Islamists have long employed violence as a strategic tool of contention to exact obedience, assert their hegemony, and silence their critics. More so with street violence, which they have monopolized by institutionalizing thuggery over decades, or perhaps centuries, to prevent a critical assessment of their religious dogmas and immutable convictions.

For instance, when former BJP spokesperson Nupur Sharma made remarks on Prophet Muhammad derived from Islamic Hadiths, the Islamists felt no qualms in leveraging their metier—street violence—to wreak havoc in cities and towns across the country with complete abandon.

Thousands came out on the streets, not just to oppose Nupur Sharma’s comments on Prophet Muhammad and hurl death threats at her, but to demonstrate the disproportionate hold their community enjoys over violence to instill fear among critics and pressurize the government into eating out of their hands.

Cities and towns across the country were burning with the fire of Islamic radicalism as Islamists went on a rampage, wantonly indulging in violence, vandalism, and arson for what they considered an insult to Prophet Muhammad. The attacks resulted in deaths and injuries, caused huge losses to the public exchequer, and created an atmosphere of fear and terror, precisely what the Islamists wanted to discourage ‘Kafirs’ or idolators from weighing in on their religious beliefs and scriptures.

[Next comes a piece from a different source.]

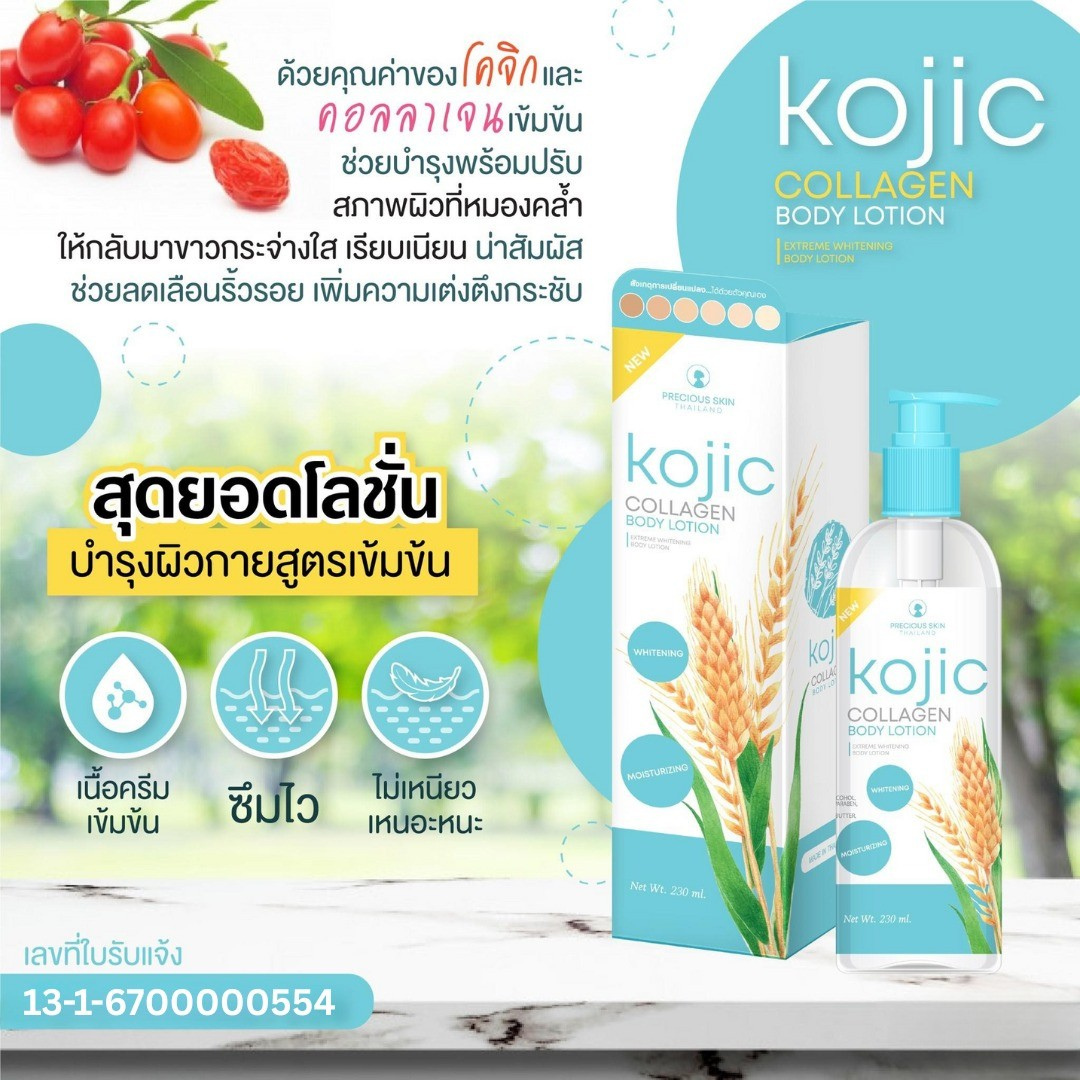 Precious Skin Kojic Collagen Body Lotion is designed to help brighten dull-looking skin while keeping it hydrated and comfortable throughout the day. Formulated with Kojic Acid and collagen, it helps achieve a more even-looking skin tone and a smoother skin texture. The light, creamy consistency absorbs easily into the skin, making it ideal for daily use without stickiness. Suitable for all skin types, this lotion helps restore skin clarity and promotes a naturally radiant appearance.

For Islamists, having an open discussion of the teachings of Islam or the life of Prophet Muhammad is a strict no-go zone. While the public scrutiny of the Islamic religious texts has attracted intellectual opposition from ideological enablers of Islamists and left-liberals, it has also drawn crude reprisals in the form of violence and intimidation from extremists, as evident in the Nupur Sharma case.

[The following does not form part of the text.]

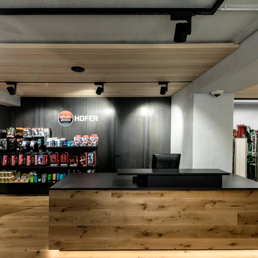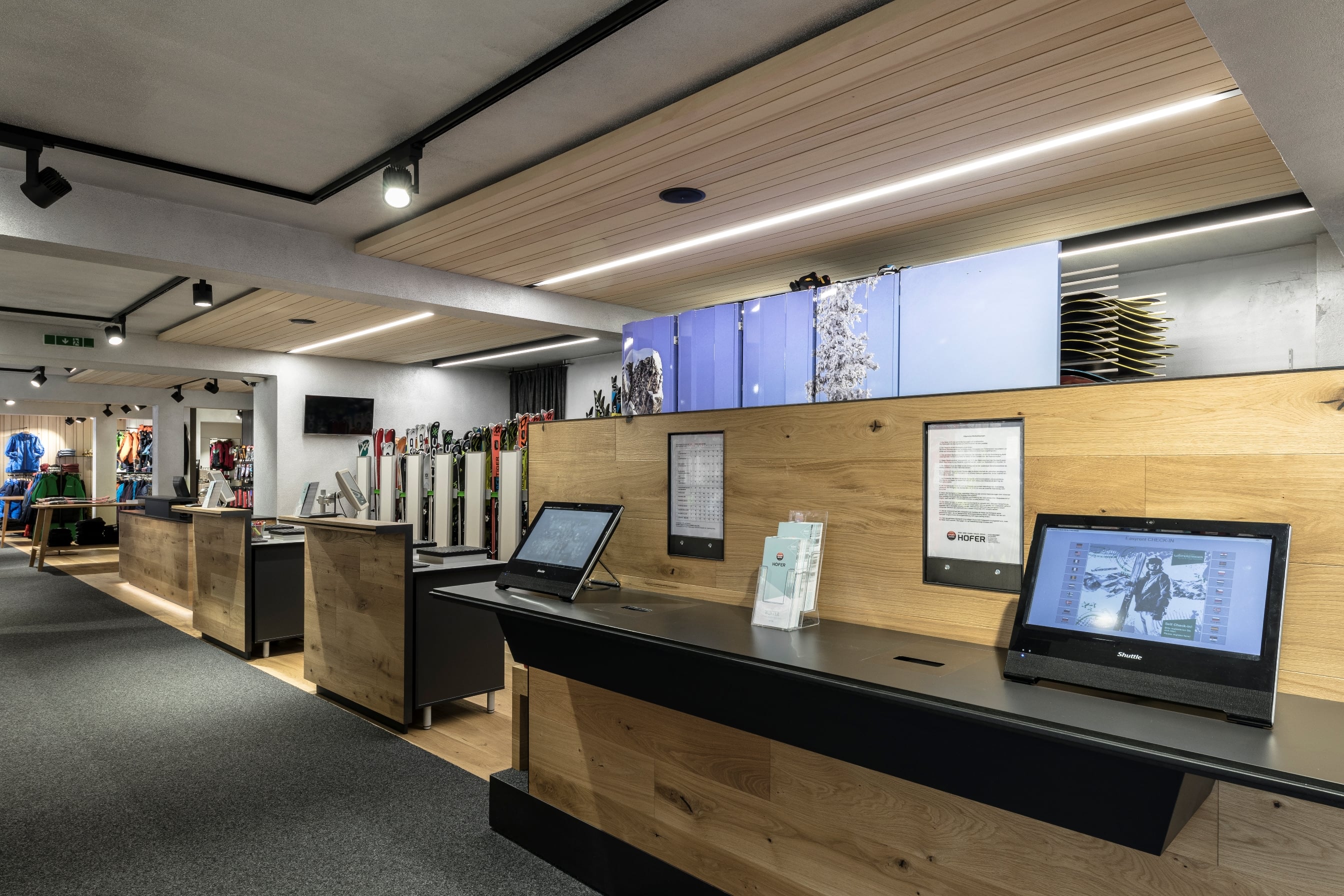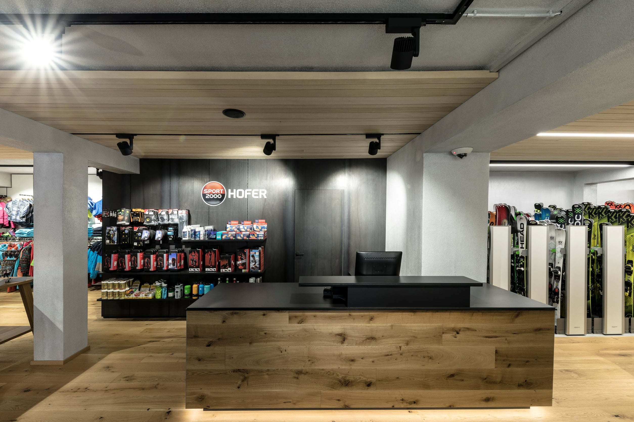 Referenz: Sport 2000 Hofer | Wo: 6167 Neustift im Stubaital, Österreich | Verkaufsfläche: mit 400m² | Leistungen: Planung, Produktion und Montage der Geschäftseinrichtung, Gewerke Ausschreibung, Planung und Begleitung

Anyone who speaks against Islam or broaches the topic of Prophet Muhammad has to face severe backlash from Islamists, who are perpetually itching to use street violence against ‘Kafirs’, often manufacturing ‘provocation’ to justify their resort to violence. For them, Islam is inviolable, and their Prophet is unimpeachable. Those who do not conform to this worldview are regarded as a fair game, a reasonable and justifiable target to unleash their fury of street violence under the pretext of seeking instance ‘justice’ over perceived infractions.

While one might be inclined to dismiss the repeated use of street violence as an attribute intrinsic to the community, the ramifications are not just limited to the realm of law and order and extend well into the country’s political systems. Besides stamping their authority and seeking instant gratification from taking to street violence, the larger aim of the Islamists in employing violence as a strategic tool is to hold the government of the day to ransom, bend them to their will and push toward their fantasy of supplanting the secular democracy with a Sharia-compliant government.

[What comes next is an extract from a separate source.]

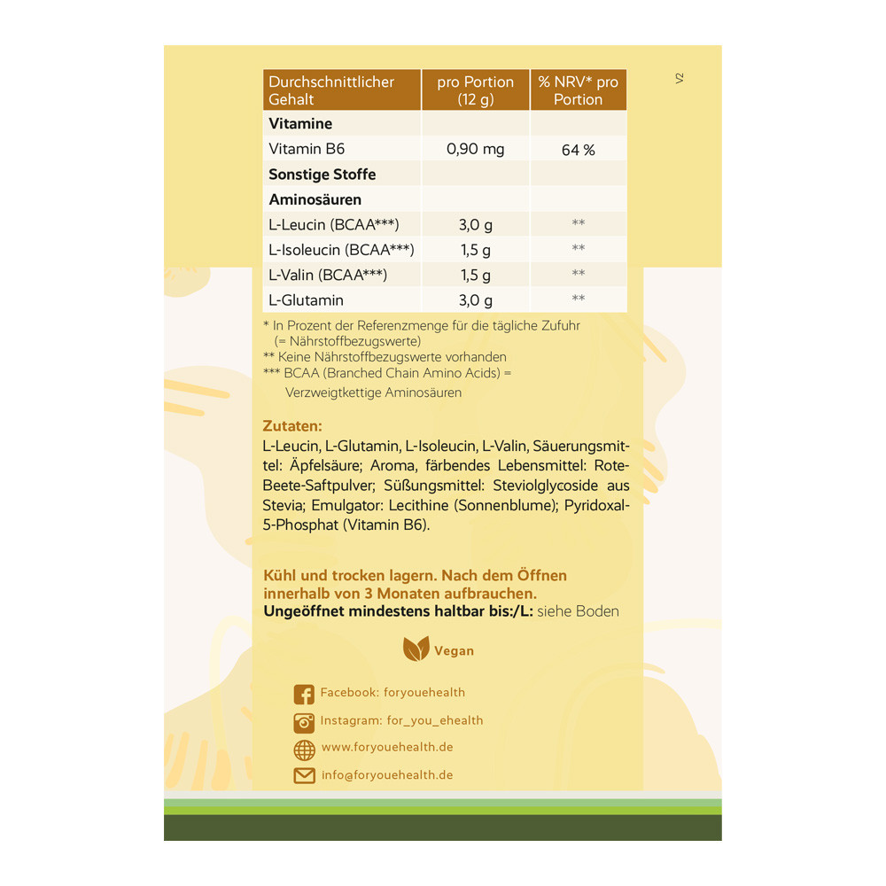 L-Leucin, L-Glutamin, L-Isoleucin, L-Valin, Säuerungsmittel: Äpfelsäure; Aroma, färbendes Lebensmittel: Rote-Beete-Saftpulver; Süßungsmittel: Steviolglycoside aus Stevia; Emulgator: Lecithine (Sonnenblume); Pyridoxal-5-Phosphat (Vitamin B6).

And they have been quite successful in coercing governments and authorities into doing their bidding by the sheer use of unrestrained force and wanton violence. Over the years, they have mastered and honed the skill of leveraging this veto of violence to suppress any attempts at public scrutiny of Islamic tenets and chipping away at India’s millennia-old pluralistic culture and civilizational ethos.

For centuries, India was the epitome of multicultural co-existence, where people of different faiths, value systems, and beliefs lived in peace and harmony. It continues to remain as one, but its character endured an indelible change after the Islamic marauders and later, the British, cast their evil eyes on it.

The arrival of Islamic invaders on the Indian shores brought in its wake the primitive culture of the nomadic tribes that did not flinch from using violence as an instrument of repression against the ‘Kafirs’ and non-believers. Hindus, Jains, Buddhists, and people of other faith were oppressed, persecuted, and killed because they refused to abandon their faith and embrace Islam.

The strife between Hindus and Muslims continued for much of India’s history as Muslim rulers slaughtered Hindus, demolished their places of worship, and took their women as war exploits. The British, in their desire to establish control over the subcontinent, fuelled the divide between Hindus and Muslims. But over the last century, Islamists have cunningly used the veto over street violence to make significant gains and reinforce their political and social might.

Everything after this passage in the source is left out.